Based on the highly promising outcome of SBRT in medically inoperable patients, three randomized trials comparing SBRT with lobectomy (ROSEL, STAR) or sublobar resection (ACOSOG Z4099/RTOG 1021) (56) have been started but all three studies closed very early due to poor accrual: <5% of the planned patients were enrolled leaving us without level A evidence.

Hence level A evidence won’t be available in the near future. Several studies compared SBRT to surgery using statistical methods like matched pair analyses and propensity score matching to correct for imbalances in patient characteristics.

Grills et al. performed a retrospective single-institution comparison between SBRT and wedge resection. Improved local tumor control in favor of SBRT (5% vs. 24%) with no differences in CSS was reported. OS was better in the surgical cohort, which was explained by older age and increased comorbidities in the SBRT patients (57). The previously cited US population based SEER analysis showed no difference in OS and CSS for SBRT versus sublobar resection or lobectomy after propensity score matching (29). Moreover SBRT was shown to be the treatment with best OS up to 6 months in the total of patients, showing its superiority in morbidity and treatment-related mortality.

Puri et al. reported identical CSS between SBRT and surgery (lobectomy in 80% of the patients) (58). OS appeared better after surgery compared to SBRT but was not statistically significant and this potential difference was explained by increased pulmonary comorbidities in the SBRT cohort, which was not corrected in the propensity score matching. Verstegen et al. compared SBRT and VATS lobectomy in 128 patients after propensity score matching of gender, age, clinical tumor stage, tumor diameter, location of the tumor, pretreatment tumor histology, lung function (FEV1%), Charlson comorbidity score and WHO performance score. Locoregional control was better after SBRT with no differences in freedom from progression and OS (59). A total of 257 propensity scored patients were analyzed by Crabtree et al. and there was again no difference seen between local recurrence, CSS or OS after 3 years (60).

Few studies reported outcome after SBRT when patients were considered suitable for surgical resection but surgery was actively refused by the patients. Two Japanese and one Dutch study described excellent OS of 70% after 5 years (n=87) (61), 86% after 3 years (n=29) (62) and 85% at 3 years (n=177) (63), respectively, results which compare well to OS after lobectomy. Uematsu reported a 3-year OS of 86% in medically operable patients (62). A Markov Model-based decision analysis was developed by Louie et al. comparing SBRT and lobectomy. They postulated a comparable OS and quality-adjusted life expectancy (64).

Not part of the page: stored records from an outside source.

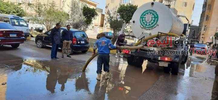 وأشار محافظ الدقهلية بأن يتم الدفع بسيارات الكسح والمعدات التابعة للوحدات المحلية بالتنسيق والتعاون مع قطاعات شركة مياة الشرب والصرف الصحى بنطاق المحافظة حال وجود تجمعات للمياه بالطرق و الشوارع وشفطها وكسحها أولا بأول لتيسير حركة السيارات والمواطنين وعدم وجود تكدس واختناقات للسيارات.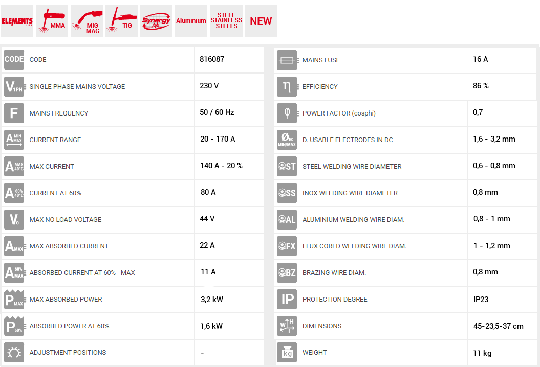 • Αλλαγή πολικότητας για συγκόλληση MIG-MAG με αέριο/BRAZING • Θερμική προστασία , προστασία από αυξομειώσεις της τάσης.• Προστασία για γεννήτριες (+/- 15%).• Κατάλληλη για συγκόλληση ΧΩΡΙΣ ΑΕΡΙΟ/FLUX.• Πλήρης με τσιμπίδα MIG-MAG, γείωση και καλώδιο.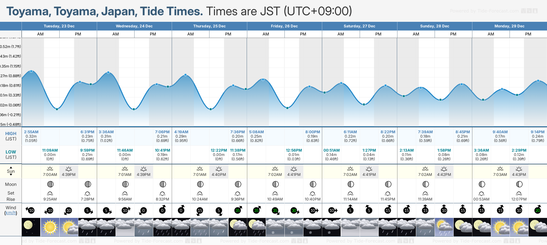 Tide Times for Toyama-shi: Monday 05 January 2026

Palma et al. reported of comparable outcome in COPD patients undergoing surgical resection or SBRT. However 30-day mortality was significantly higher (0% vs. 10%) in surgical patients (65). This compares with a low 30-day mortality rate after SBRT in general (34). Grills et al. described no treatment-related death in a nonrandomized retrospective analysis comparing wedge resection with SBRT. Nevertheless a higher 30-day readmission rate in the wedge resection group was conspicuous (57).

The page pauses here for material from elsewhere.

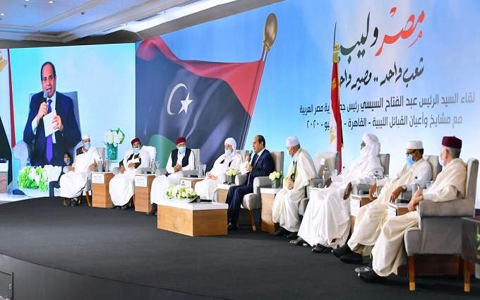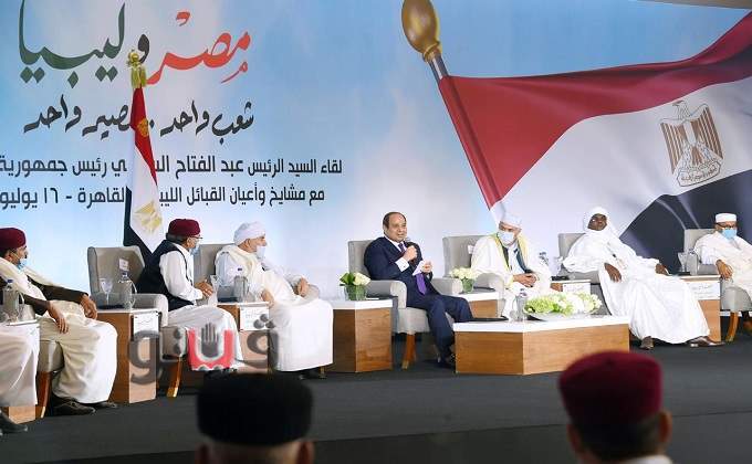 وقال الرئيس السيسى، إن مصر ترفض أن تتحول ليبيا لملاذ آمن للخارجين عن القانون، داعيًا أبناء القبائل الليبية إلى الانخراط فى جيش وطنى موحد وحصر السلاح فى يد دولة المؤسسات دون غيرها.
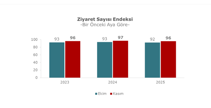 Kasım ayında AVM ziyaretçi sayısı, geçen yılın aynı dönemine göre yüzde 1 geride kalsa da, bir önceki aya göre yaklaşık yüzde 4 artış gösterdi. Bu artış, yılın son döneminde alışveriş trafiğinde kısmi bir canlanmaya işaret etti.

Consequently, SBRT appears as a viable treatment option in the situation, when lobectomy is refused by the patients. Additionally, SBRT appears equivalent to sublobar resection and both options with their specific pros and cons should be discussed with the patient.

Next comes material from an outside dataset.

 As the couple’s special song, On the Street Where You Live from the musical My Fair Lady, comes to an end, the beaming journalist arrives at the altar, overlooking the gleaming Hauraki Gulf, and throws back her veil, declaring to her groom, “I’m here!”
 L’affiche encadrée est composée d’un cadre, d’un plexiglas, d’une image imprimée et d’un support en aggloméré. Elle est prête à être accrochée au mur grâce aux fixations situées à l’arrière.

Toxicity and quality of live after lung SBRT

The majority of patients treated with SBRT suffer from severe pulmonary or cardiovascular comorbidities and their poor pulmonary status, which does not allow surgical resection. Consequently pulmonary toxicity is an important point of concern in lung SBRT. Radiation induced pneumonitis (RP) is usually seen after a median of 5 months which is longer compared to conventional radiotherapy (66). The treatment of peripherally located tumors <5 cm in diameter causes RP in below 10% of cases. Risk of RP is reported to be dependent on planned target volume (PTV), mean lung dose and low-dose spread for conventional radiotherapy (67,68). The conclusion that risk factors are similar in SBRT is supported by several papers (66,69-73). RP grade ≥II ranges from below 10% in the majority of reports up to even 28% in one report (66,69,72-80). Development of high grade RP after stereotactic treatment is rarely reported. The two largest retrospective papers show an incidence of RP Tox. Grade ≥2 of below 8% (32,34). Patients with pre-existent pulmonary fibrosis might be at increased risk for RP.

Additionally, pulmonary function is stable after SBRT with a loss of <10% (FEV1, DLCO) within 24 months after treatment (81,82). Pulmonary toxicity was not increased even in patients with very poor pre-SBRT pulmonary function and with severe COPD GOLD III-IV (82). Bishawi et al. even postulated a better pulmonary function after four months from SBRT for non-COPD-patients because of tumor shrinkage (83).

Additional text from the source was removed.